LIMITATIONS OF THE STUDY
We visualised only the main epicardial coronary arteries and not the side branches, and thus may have underestimated the true incidence of plaque rupture. Nevertheless, coronary atherosclerosis most often involves the proximal portion of the coronary arteries, usually opposite the branches.50 Thus the underestimation seems likely to be insignificant. With IVUS, it may be difficult to identify a ruptured plaque when the rupture is covered or filled by echoreflectant mural thrombi. The events after plaque rupture may be followed by total or subtotal vessel occlusion by thrombus formation. Plaque rupture may also be followed by plaque reorganisation, as mentioned above. This situation may be detected by the indirect sign of a layered appearance over the plaque.34 Preliminary studies on tissue characterisation in vitro have shown that thrombi result in clearly different backscatter signals in comparison with fibrous tissue and lipid accumulation. This will enable us to differentiate different types of tissue in the future.

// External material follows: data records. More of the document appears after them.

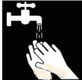
Handen nat maken
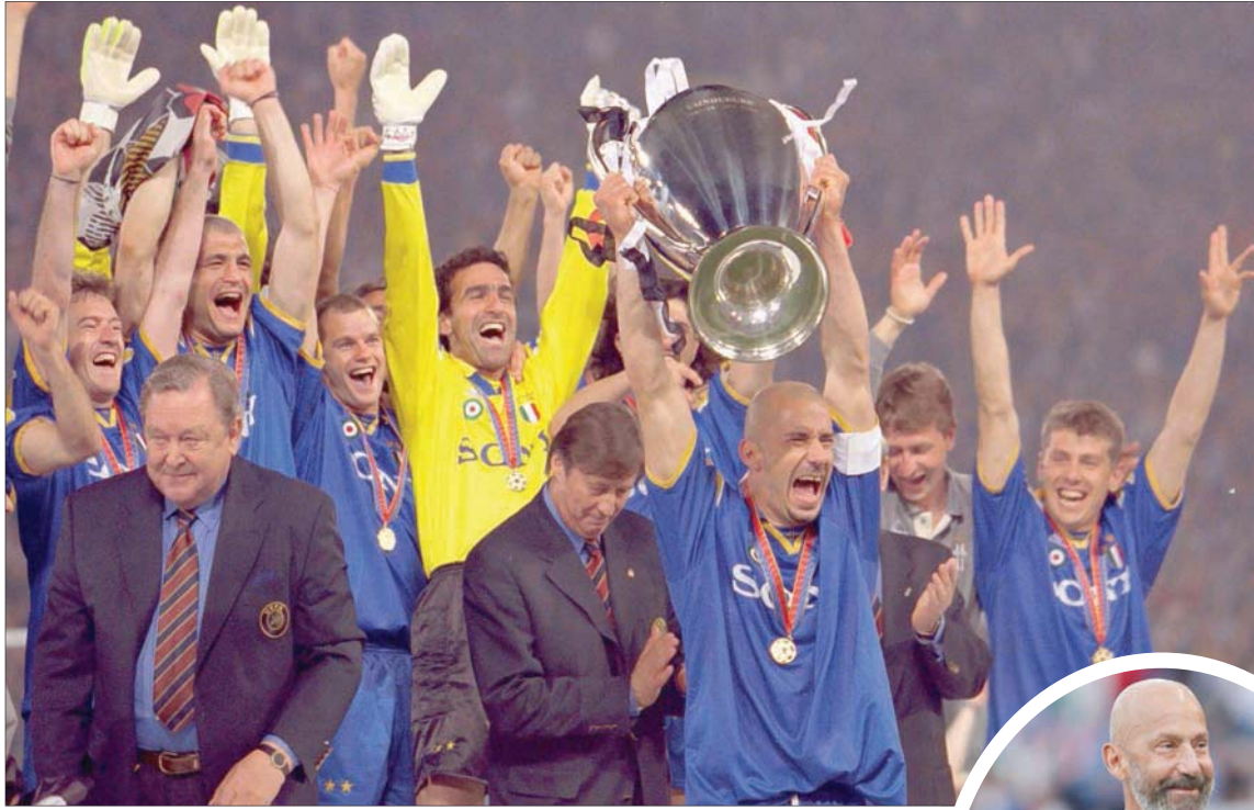
فيالي يرفع كأس أبطال أوروبا مع يوفنتوس عام 1996

وأضاف: «يمكن للمرض أن يعلم الإنسان الكثير عن نفسه، ويمكن أن يدفعه لتخطي طريقة الحياة السطحية التي نعيشها». واضطر فيالي للاعتذار عن منصبه بالاتحاد الإيطالي كرئيس بعتة، الشهر الماضي، قائلاً إنه يحتاج للتركيز في مواجهة مرحلة جديدة من المرض. وعمل مع منتخب إيطاليا، واستعاد التعاون مع روبرتو مانشيني مدرب المنتخب
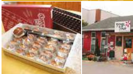
1.そろばんマドレーヌ 2.赤い外壁が目印
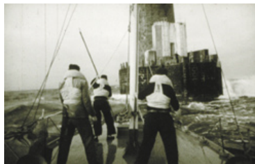
La relève d'Ar Men 2
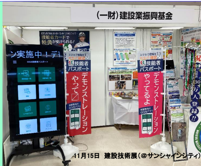
11月15日 建設技術展(@サンシャインシティ)

全国で活躍するCCUS認定アドバイザーの意見交換会が11月24日に当財団において開催されました(参加者数75名)。
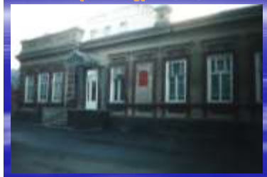
Архитектура и ЗАГС
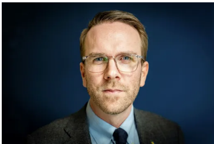
Infrastrukturminister Andreas Carlson är överens med sina nordiska kolleger.

Också vägarnas bärighet ska förbättras. Det är viktigt för näringslivet i fredstid men också i ett läge med höjd beredskap och andra kriser och krig där man behöver möjlighet till värdlandsstöd och truppförflyttningar över svenskt territorium, säger Carlson.
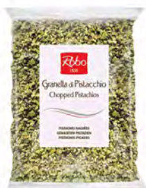
GRANELLA DI PISTACCHIO BUSTA 500GX3UD ROBO
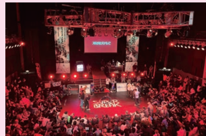
① INTERNATIONAL STREET FESTIVAL KAWASAKI 2022 SUPER BREAKの様子
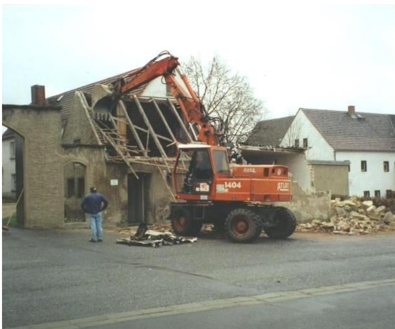
Abriss des alten Feuerwehrgerätehauses, jetzt Sanitäreinrichtungen an der Wallfahrtskirche
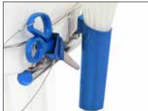
Kabelbinderhalter für Dynamic (nur Halter)

Der Kabelbinderhalter ist sowohl für Maxi als auch für Mini geeignet.
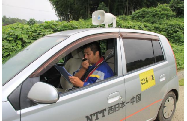
広報活動を行う社員 (山口市阿東嘉年地区)
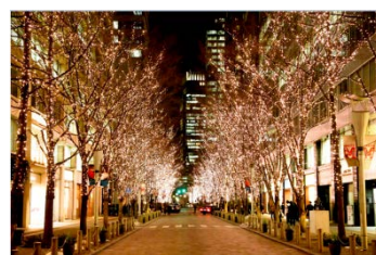
丸の内イルミネーション過去開催の様子

◆ 『NEWエコイルミネーション』とは 従来型LED電球の電力をコントロールすることで、約1/3の使用電力で同等の明るさを得ることに成功した「エコイルミネーション」のエネルギー損失をさらに減少し、高効率化を実現したモデル。
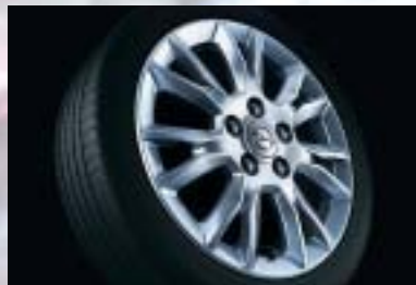
8 Leichtmetallrad, 6 1/2 J x 16, 7-Trapez-Speichen-Design, Reifen 205/55 R 16
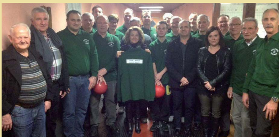
Les élus, sponsors et joueurs de Volgelsheim avec la nouvelle tenue.
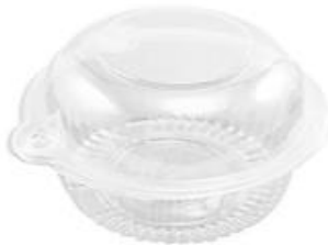
Cápsulas para comida
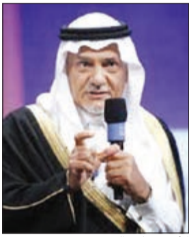
الأمير تركي الفيصل

مشتركة تربطنا معاً سواء كانت محاربة الإرهاب أو الانخراط في تحسين السلام في المنطقة
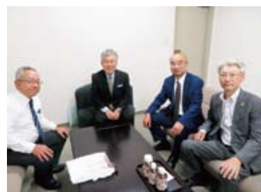
三宅先生と開始前楽屋にて
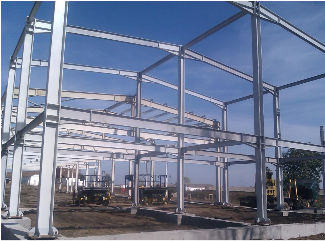
↑Faza montaj structura metalica↓
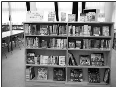
まんが本コーナーだった棚に杉並文庫を配架。
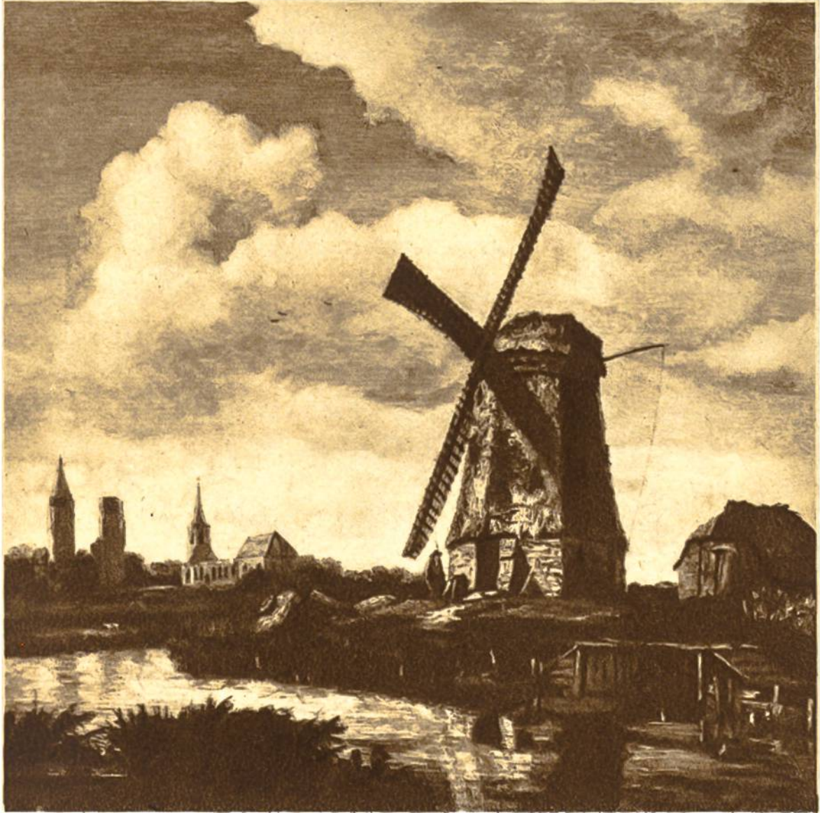
Landschaft mit Windmühle von Jakob Ruisdael, Haarlem, 1628— 1682. Collection Northbrook, London.
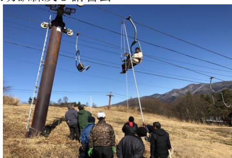
救助訓練及び講習会
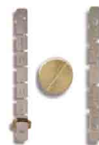
Eslabón de Repuesto
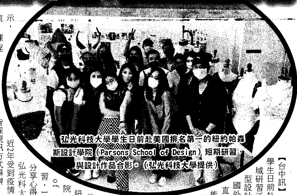
弘光科技大學學生日前赴美國排名第一的紐約帕森斯設計學院 (Parsons School of Design) 短期研習，與設計作品合影。

【台中訊】弘光科技大學二名學生日前赴美參與13天的跨域研習活動，學習時尚造型設計，返國後，分享國外研習經驗，學生直呼「把握機會，才能累積自己的國際競爭力」。
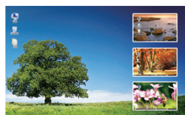
図4:ピクチャ・イン・ピクチャモード クワッド
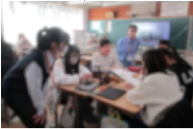
1/7授業づくりと子ども対応交流会

大学生と現職教員等が参加する合同イベントの開催や、教員育成個別サポートを展開しました。また「平和学習プロジェクト」の学生メンバーが、小学校に出張授業を行う事業を実施しました。教員志望学生のモチベーション向上につながりました。
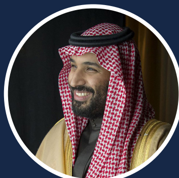
Crown Prince and Chairman of the Council of Economic and Development Affairs Mohammad bin Salman bin Abdulaziz Al-Saud
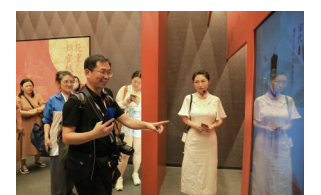
在成都十二月市博物馆里体验AR蜀锦汉服换装
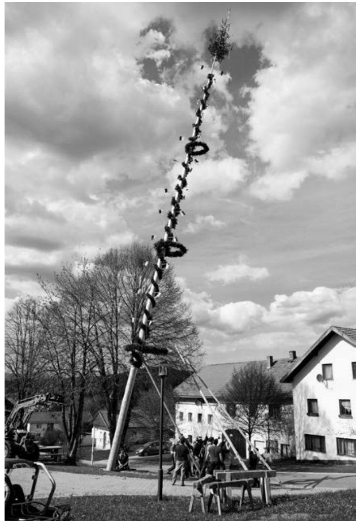
Maibaum in Schlag

Plaque rupture is the key event leading to acute coronary syndromes. Identification of plaque rupture is therefore very important in patient management and for improving prognosis. For the first time, the anatomical pathology and natural history of plaque rupture can be studied in vivo. The future studies should aim at the identification of the “plaque at risk” (vulnerable plaque) before it ruptures and provide morphological evidence of the development of coronary syndromes as well.